→ **Action item**
Restate the records in full and exactly, with no images included.
....................
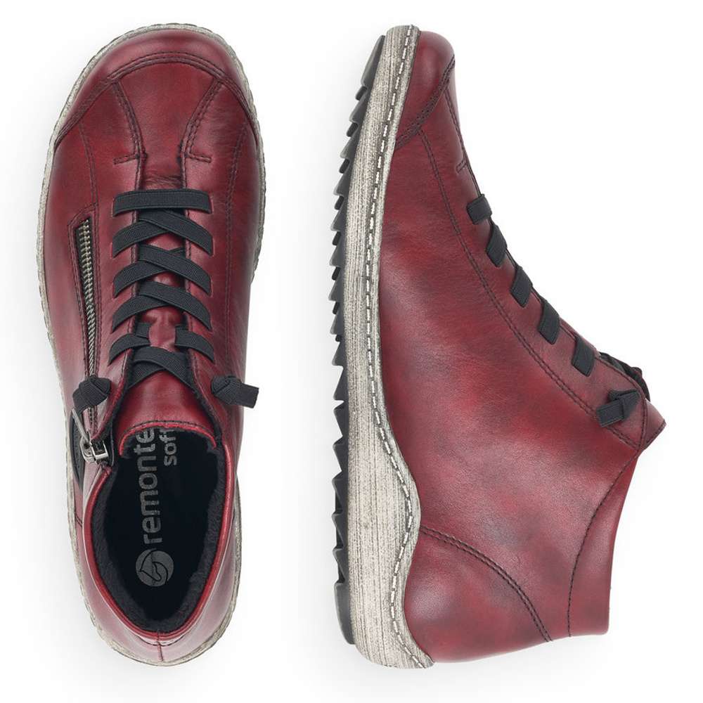 Na první pohled Vás upoutá výrazná barva této kotníkové obuvi značky REMONTE (jedná se o vyšší řadu značky RIEKER).
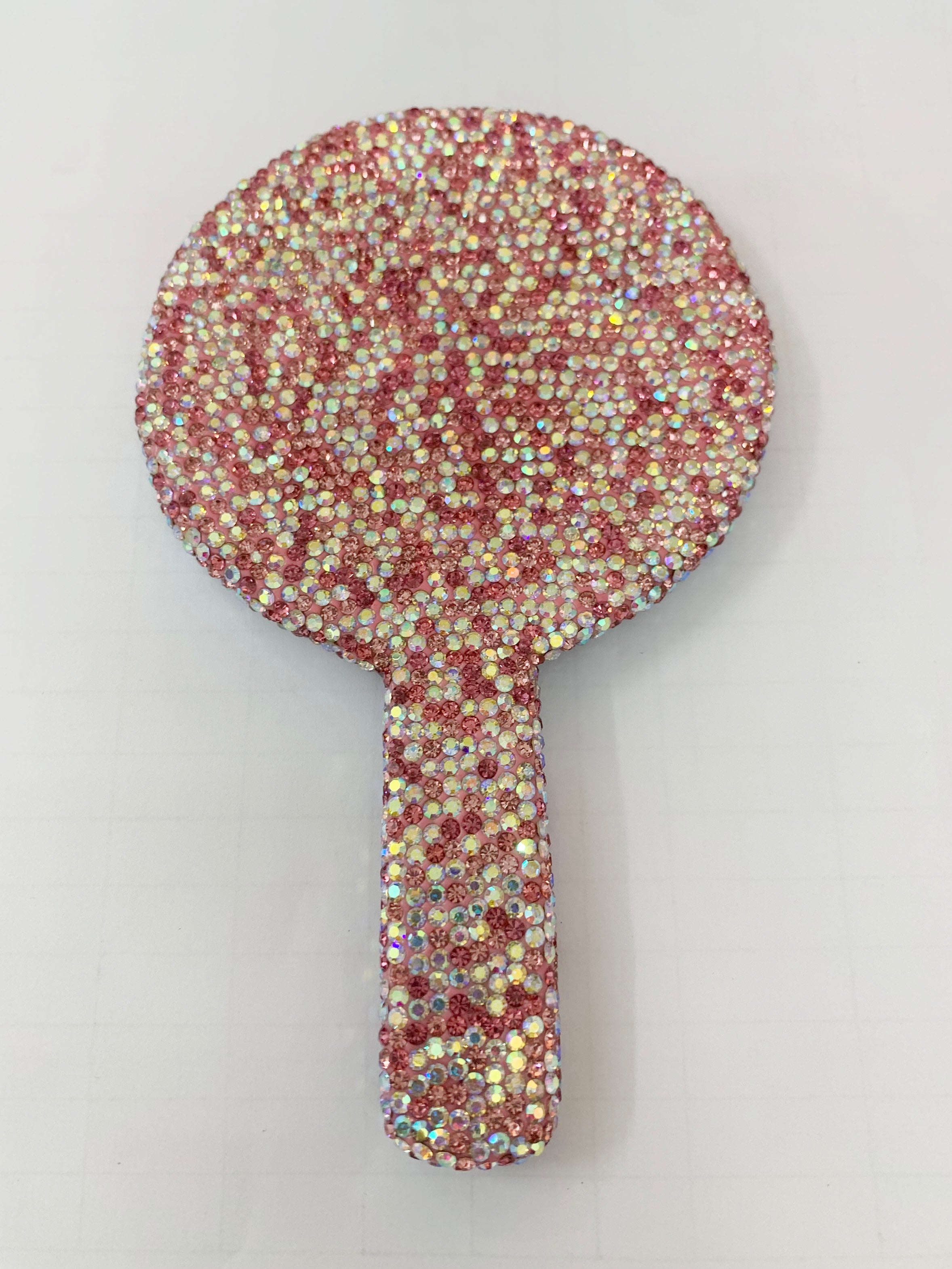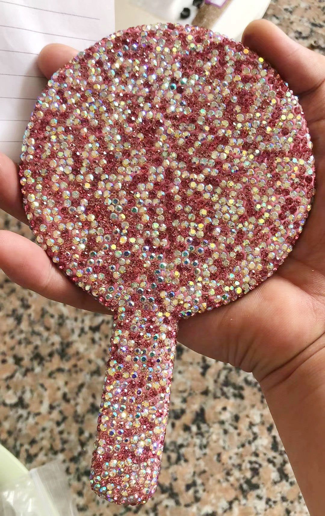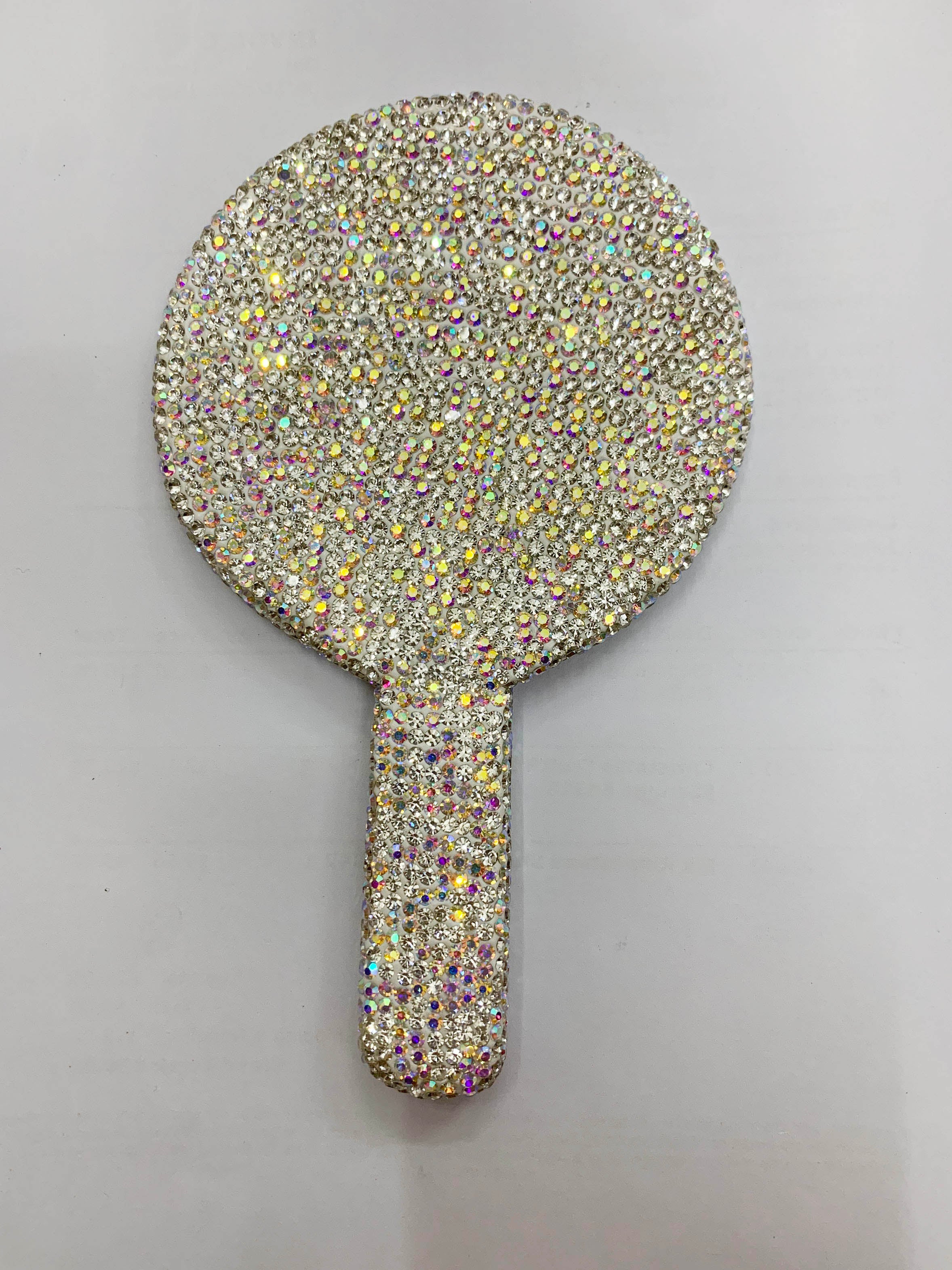 Circle Ceramic Rhinestone Hand Mirror M0436
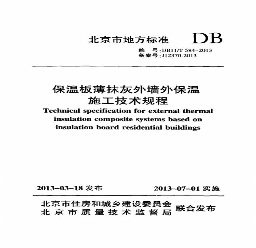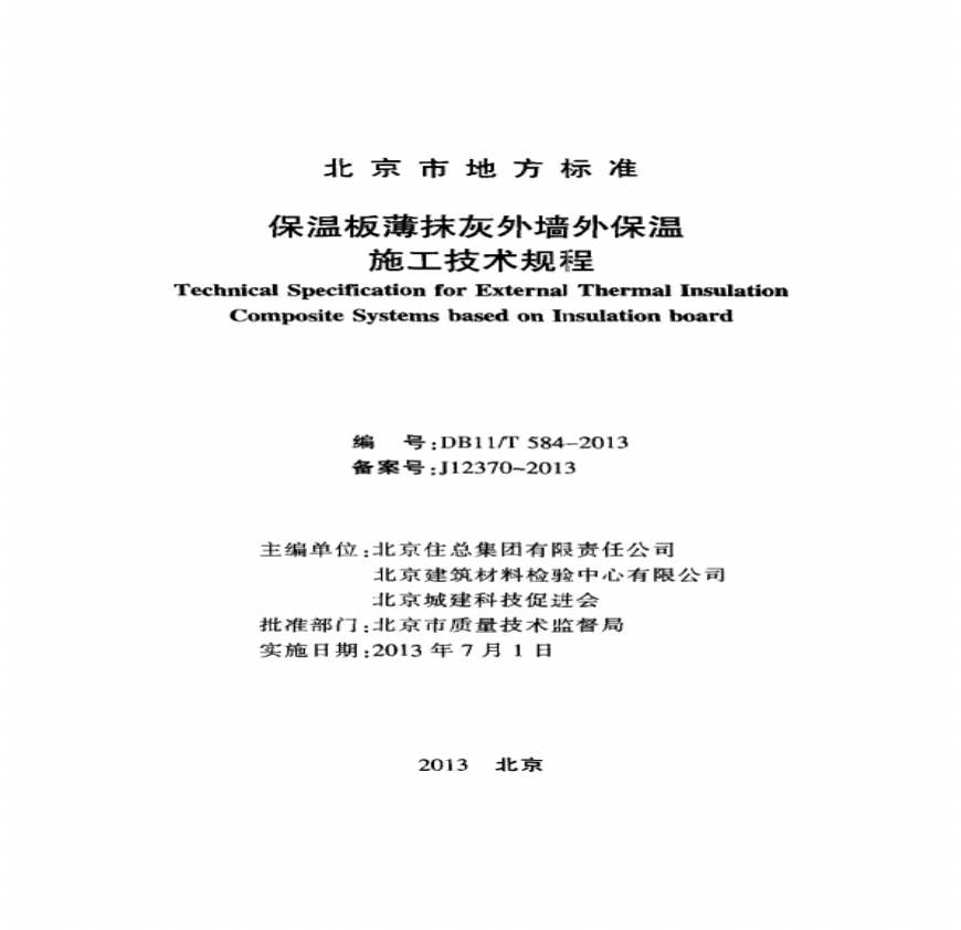 北京市 [附条文说明] 建标库:地方法规 北京市 北京市 [附条文说明] 学习资料页 」七京市地方标准DB:DBIT保温板薄抹灰外墙外保温施工技术规程Trxrr
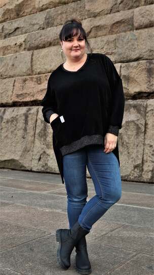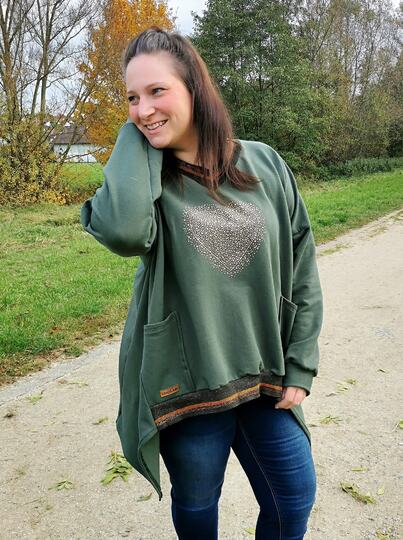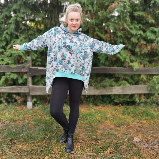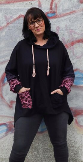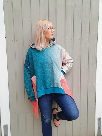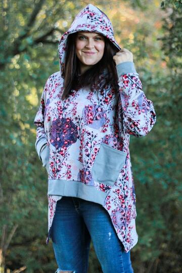Der Hoodie hat eine trendige Oversize-Form mit leicht asymmetrischem Saum, der für einen besonderen Hingucker sorgt. Dank der verschiedenen Optionen kannst du zwischen einem klassischen V-Ausschnitt oder einer kuscheligen Kapuze wählen. Praktische aufgesetzte Taschen verleihen dem Hoodie zusätzlichen Komfort und Funktionalität. Das Schnittmuster eignet sich hervorragend für Stoffe wie French Terry, Sweat oder Walk, sodass du es für jede Jahreszeit anpassen kannst.
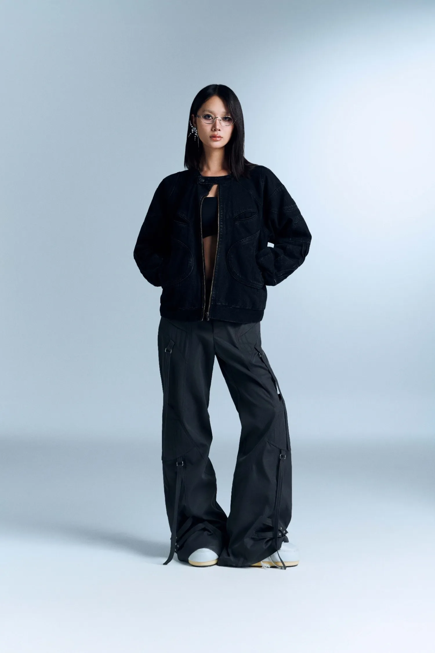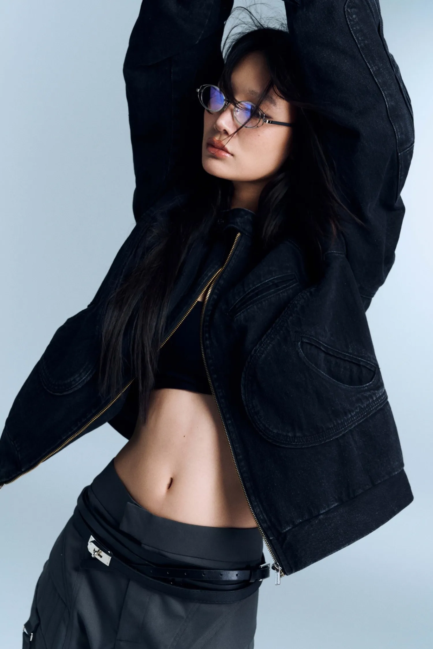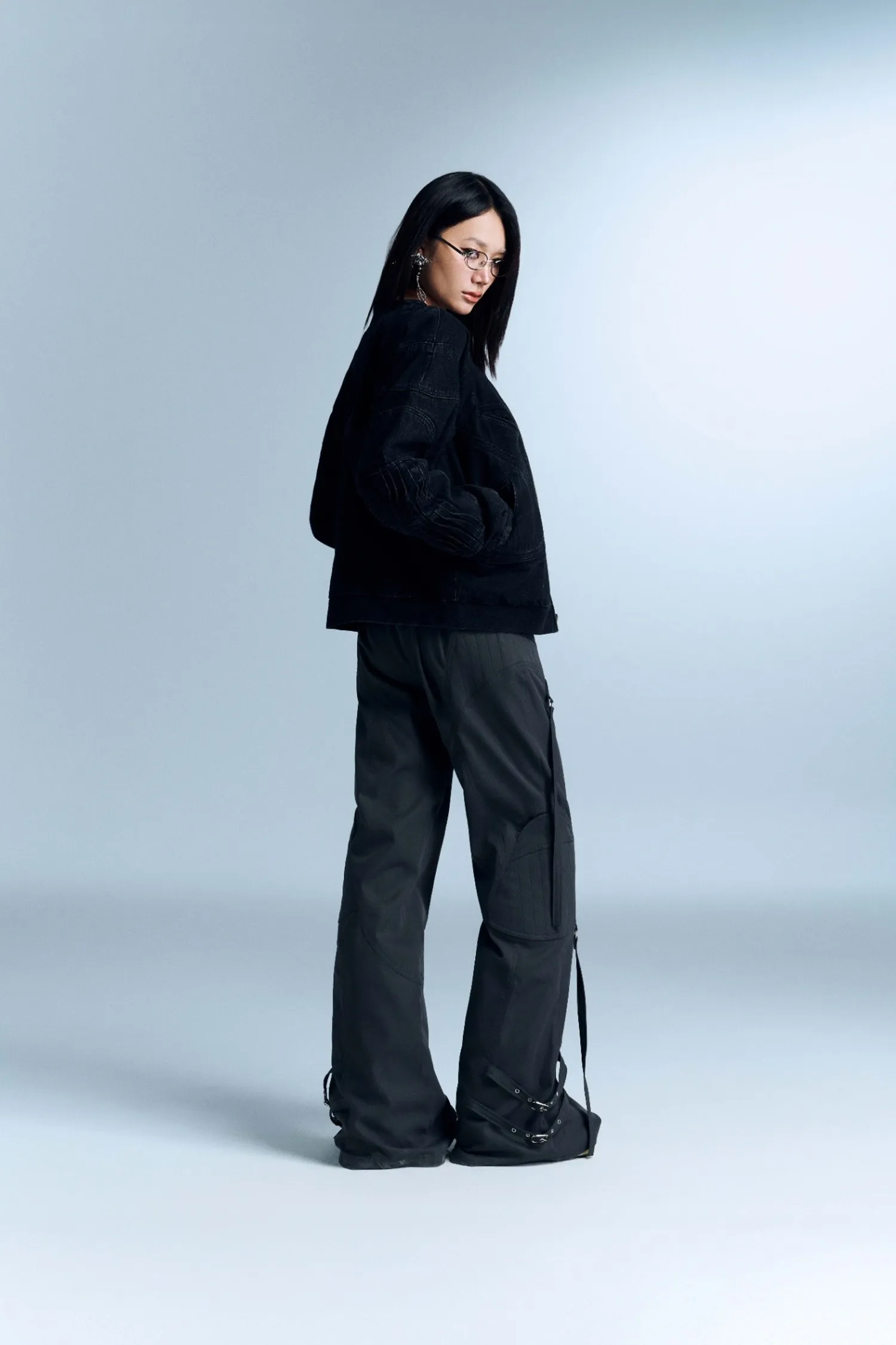水洗牛仔夾克,兩袖均有褶皺細節
....................
→ **Result for this task**
 Na první pohled Vás upoutá výrazná barva této kotníkové obuvi značky REMONTE (jedná se o vyšší řadu značky RIEKER).
 Circle Ceramic Rhinestone Hand Mirror M0436
 北京市 [附条文说明] 建标库:地方法规 北京市 北京市 [附条文说明] 学习资料页 」七京市地方标准DB:DBIT保温板薄抹灰外墙外保温施工技术规程Trxrr
Der Hoodie hat eine trendige Oversize-Form mit leicht asymmetrischem Saum, der für einen besonderen Hingucker sorgt. Dank der verschiedenen Optionen kannst du zwischen einem klassischen V-Ausschnitt oder einer kuscheligen Kapuze wählen. Praktische aufgesetzte Taschen verleihen dem Hoodie zusätzlichen Komfort und Funktionalität. Das Schnittmuster eignet sich hervorragend für Stoffe wie French Terry, Sweat oder Walk, sodass du es für jede Jahreszeit anpassen kannst.
水洗牛仔夾克,兩袖均有褶皺細節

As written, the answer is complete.